Twenty minutes later, a woman emerged, adjusting her yoga pants and walking, a little shakily, toward her car. Six feet if she was an inch, she wasn’t moving her mouth for once, but Maeve could still tell who she was.
Maeve had a newfound respect for Michael Lorenzo. Finally, someone had found a productive use for Julie Morelli’s constantly moving—and open—mouth.
Maeve waited until Julie drove by, the woman yakking on her cell phone as if her life depended on it, and then emerged from her car, a baseball cap pulled down over her eyes, the collar on her denim jacket pulled up to her ears. Maeve knew that it would be only a few seconds before he started the van and pulled out of his spot at the opposite end of the lot, so she jogged, her sneakers slipping on the wet macadam. She circled around the back of the car, surprising him when she appeared in the driver’s side window. She tapped lightly on the glass.

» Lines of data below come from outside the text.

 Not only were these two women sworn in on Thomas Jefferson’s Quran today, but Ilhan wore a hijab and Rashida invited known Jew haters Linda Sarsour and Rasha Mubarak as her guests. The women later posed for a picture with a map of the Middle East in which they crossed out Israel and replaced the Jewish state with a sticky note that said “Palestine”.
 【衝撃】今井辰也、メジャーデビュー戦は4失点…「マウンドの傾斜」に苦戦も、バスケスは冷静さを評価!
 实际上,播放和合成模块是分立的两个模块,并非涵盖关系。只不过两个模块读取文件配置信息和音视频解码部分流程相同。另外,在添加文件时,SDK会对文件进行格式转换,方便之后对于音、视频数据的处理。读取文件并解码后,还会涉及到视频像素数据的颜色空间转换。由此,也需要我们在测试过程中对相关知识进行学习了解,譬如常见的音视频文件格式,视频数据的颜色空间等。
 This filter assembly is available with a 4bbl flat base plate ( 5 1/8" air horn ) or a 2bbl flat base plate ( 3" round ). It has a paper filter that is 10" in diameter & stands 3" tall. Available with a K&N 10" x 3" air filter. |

He rolled down the window. “What are you doing here?” he asked, the zipper on his pants still down. Perfect. The irony wasn’t lost on her. It was almost identical to the way her cousin had been found. “Is this about the party? The money?”
She fingered the gun in her jacket pocket. “Sort of. That and other things.”

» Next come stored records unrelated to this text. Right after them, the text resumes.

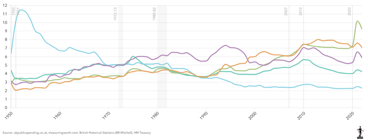 Social Services spending has increased significantly in the UK over the past 75 years.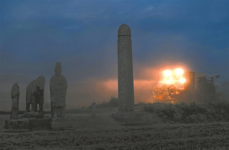 | 6月4日,河南省巩义市宋陵遗址保护区永熙后陵,夜幕下收割机展开抢收,尘土与灯光交汇,空灵感十足。陈晓东 摄 |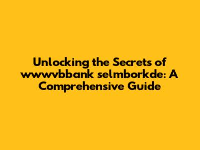 Unveiling the Benefits: Why wwwvbbank selmborkde Matters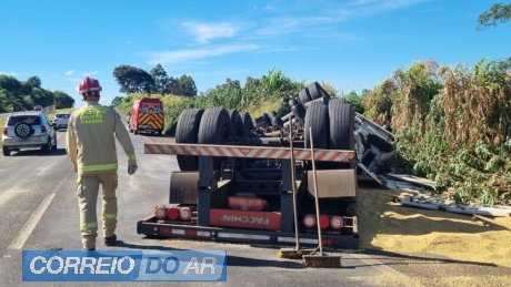O caminhão transportava aproximadamente 750 sacos de soja, e parte da carga ficou espalhada pela rodovia após o capotamento. A PRF (Polícia Rodoviária Federal) foi acionada para sinalizar o trecho e registrar o acidente, além de orientar o trânsito até a retirada do veículo e a limpeza da pista.

He looked around, the realization dawning on him that seeing her at the dam, at night, was not the most normal thing in the world.
“How much will it take to make all of this go away?” he said, suddenly willing to negotiate. He must have realized that she had seen Julie.
“Nothing.”
He looked back at her, blank faced. “Nothing? Come on. We’re talking seventy-five bucks.”
“Your wife already paid me,” Maeve said. She had changed her mind, the reason she was here not clear to her anymore. “You need to stop hitting her. And your daughter.” She was sure about Tina, but not about how much it affected Tiffany. Though if he wasn’t hitting her on a regular basis yet, it was only a matter of time.
He zipped up his pants. “And you need to mind your own business.” He put his seat belt on, the conversation over as far as he was concerned. “It’s none of your business.”
He was right, but that didn’t mean she wasn’t going to make it her business.
“Leave her alone. Leave me alone. Go back to your little bakery.” He smiled smugly. “Everyone will be much happier that way.” He started the car. “I’ll send you a check. Just forget what you saw.”
The butt of the gun was smooth against her fingers. It wouldn’t take much, just a quick draw and a simple shot and he would be taken care of forever. He’d never know what had hit him.
That’s not who I am, she reminded herself. I’m better than that.
Then he laughed, and in her head all she could hear was Sean Donovan’s high-pitched bray as he pushed her—not long after her mother’s death—in the swing set in the backyard of his parents’ house. So high, in fact, and with such force, that the chain link, rusted and weak from years in the scrubby backyard, broke free, sending her hurtling toward the metal garbage cans at the side of the house, her arm snapping on impact. She touched the gun in her pocket, but the car was gone and all that was left was a puff of dust where it had been.